[Opening Supplied material section]
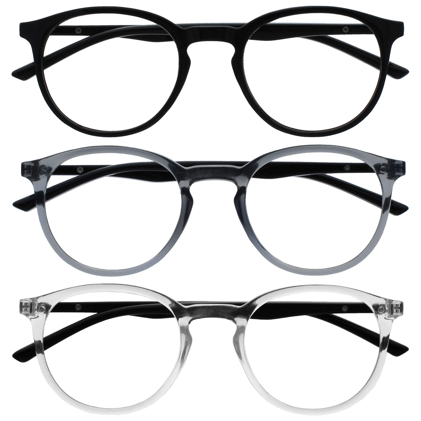 OPULIZE Met Reading Glasses Pack of 3 Slim Round Frame Spring Hinges Scratch Resistant Men Women RRR60-17C Black / Gray Black / Clear Black +2.0 Diopter (Pack of 3) Single
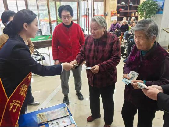 活动现场热闹非凡:反假知识讲座上,讲师结合真实案例拆解假币陷阱;展台前,工作人员拿出真币对照讲解识别技巧;屏幕上,自制短视频用生动画面演示诈骗套路;有奖竞答和抽奖环节更是点燃热情,老人们踊跃举手答题,笑声不断。除了知识普及,分行还贴心提供“兑零换残”服务,现场累计兑换残币2000余元、零钞6000多元,发放零钱包100余个,解决了老人们日常现金使用的难题。
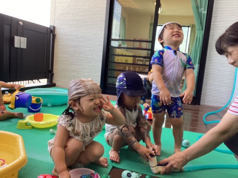シャワーで噴水のようにすると、にこにこ水に触れたり、顔にかかると「きゃ~」と楽しんでいる姿が見られました。
[Closing Supplied material section]
:: Directions for this task ::
Please repeat everything in the data above except the pictures, exactly as it reads.

:: Answer to the problem ::
 OPULIZE Met Reading Glasses Pack of 3 Slim Round Frame Spring Hinges Scratch Resistant Men Women RRR60-17C Black / Gray Black / Clear Black +2.0 Diopter (Pack of 3) Single
 活动现场热闹非凡:反假知识讲座上,讲师结合真实案例拆解假币陷阱;展台前,工作人员拿出真币对照讲解识别技巧;屏幕上,自制短视频用生动画面演示诈骗套路;有奖竞答和抽奖环节更是点燃热情,老人们踊跃举手答题,笑声不断。除了知识普及,分行还贴心提供“兑零换残”服务,现场累计兑换残币2000余元、零钞6000多元,发放零钱包100余个,解决了老人们日常现金使用的难题。
シャワーで噴水のようにすると、にこにこ水に触れたり、顔にかかると「きゃ~」と楽しんでいる姿が見られました。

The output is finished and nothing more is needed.